Cameron Fairfull [00:26:00]:
It allows you to do some additional investigation and response features. It also comes with some attack simulation training and a couple of features that allow you to further interrogate the emails that are coming into your organization and take action against those emails that may have made it through to a mailbox or multiple users mailboxes because they initially seemed legitimate, but on further inspection, they were not. And it allows you to go and move those emails out of a user’s mailbox and to their deleted items or into quarantine or something similar to that. And the other piece that it allows you to do is some specific seam integrations for automated investigation and remediation if you have more or additional security measures put in place for your tenant. And then the next part of defender is defender for endpoint. And so this is more like your traditional antivirus, but a little bit better. So the base level of defender for endpoint will do all of your standard antivirus protections. It now does ransomware protection as well, and it uses the Microsoft machine learning in the background to be able to look at all of the information that is coming from your endpoint and determine whether that is safe or whether it is malicious and something that needs to be prevented or investigated further.

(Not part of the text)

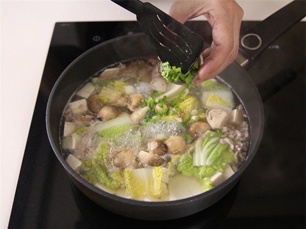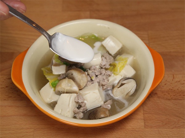 Thêm đậu phụ, miến, cải thảo, nấm và nước mắm vào, khuấy đều.
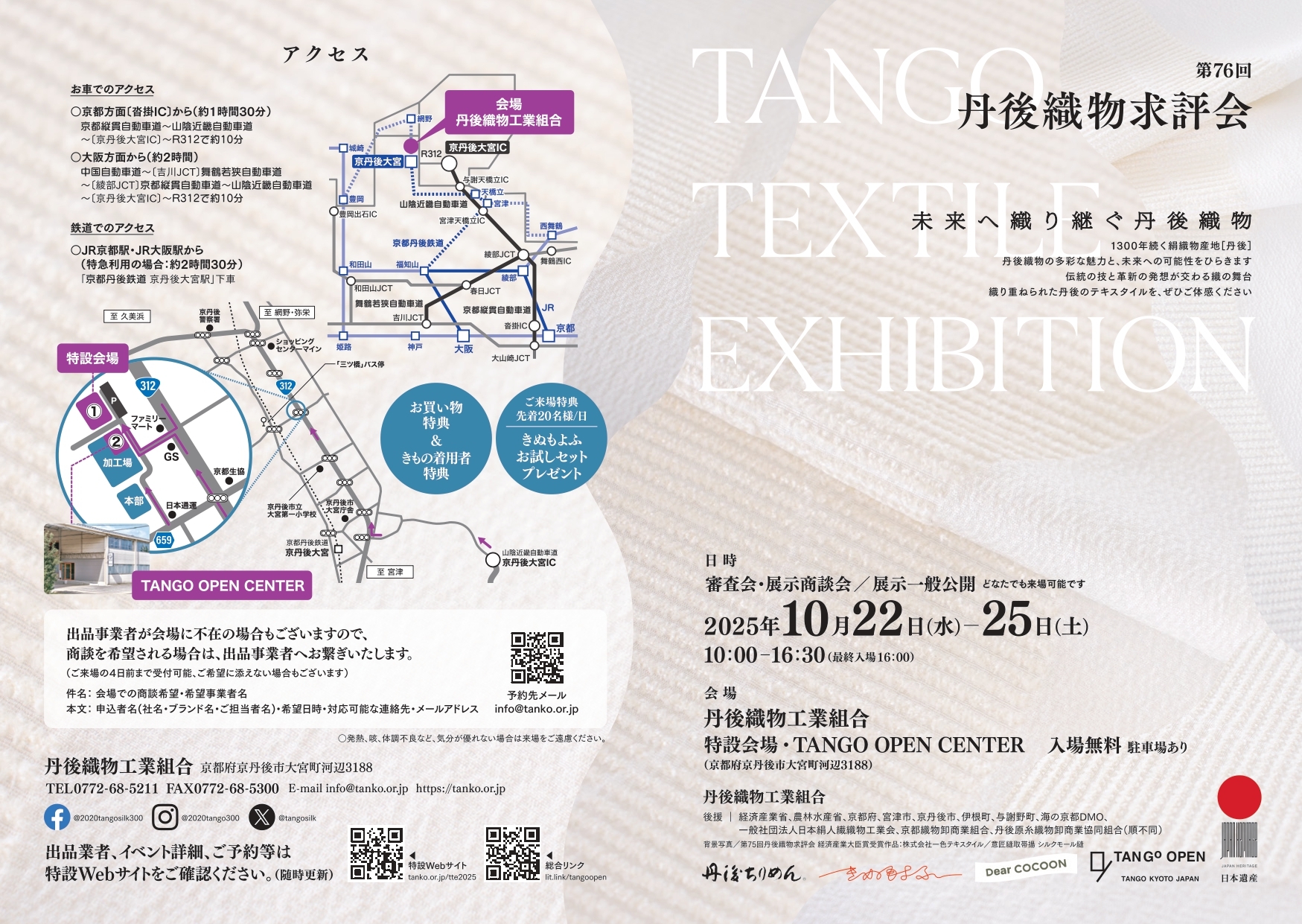 丹後織物工業組合(所在地:京都府京丹後市)は、『TANGO TEXTILE EXHIBITION/第76回丹後織物求評会』を2025年10月22日(水)から10月25日(土)まで丹後織物工業組合特設会場及びTANGO OPEN CENTERにて開催いたします。

Cameron Fairfull [00:27:49]:
Again, defender for endpoint comes in two iterations. For the licensing, there is defender for endpoint plan one and defender for endpoint plan two. And they literally differentiate between the amount of features that you have with your licensing and the application. Defender for endpoint in plan one or plan two comes with your next generation protection for anti malware and antivirus. You can do manual response actions so you can send files to quarantine. You can do detections on a device. It will let you do attack surface reduction. And attack surface reduction is something that allows you to harden your devices so it can prevent things from like zero day attacks.

Cameron Fairfull [00:28:50]:
So they’re an attack that is brand new. Not many people know about, or not many of the security firms know about, and they’re still working out how to protect you against them. But it can see those particular behaviors that might come with some sort of an attack like that. And attack surface reduction will let you reduce the, the actual chance of them being able to do anything malicious on your device. Centralized configuration and management is very handy. So you can do that through the Microsoft Defender portal, or you can do that through Microsoft Intune if you are managing your devices through intune as well. And it also protects a number of different platforms. So it’s not just Windows devices.

Cameron Fairfull [00:29:42]:
You can also protect macOS, you can protect Apple iOS, so your mobile phones and Android devices as well. And I would actually encourage people to download the Defender app on their actual mobile device and just have a look and see what it can do. It’s actually quite a very handy little application. And then when you look at Defender for Endpoint plan two, that extends out some of the features within Defender for Endpoint, and you start looking at your advanced threat protection. Lost the word. But you start looking at some of the advanced threat protection features that you can actually use. So one of those is endpoint detection and response. And that’s just looking at like visibility across your devices and seeing incidents that may have happened and being able to understand what those, those particular incidents did on a device.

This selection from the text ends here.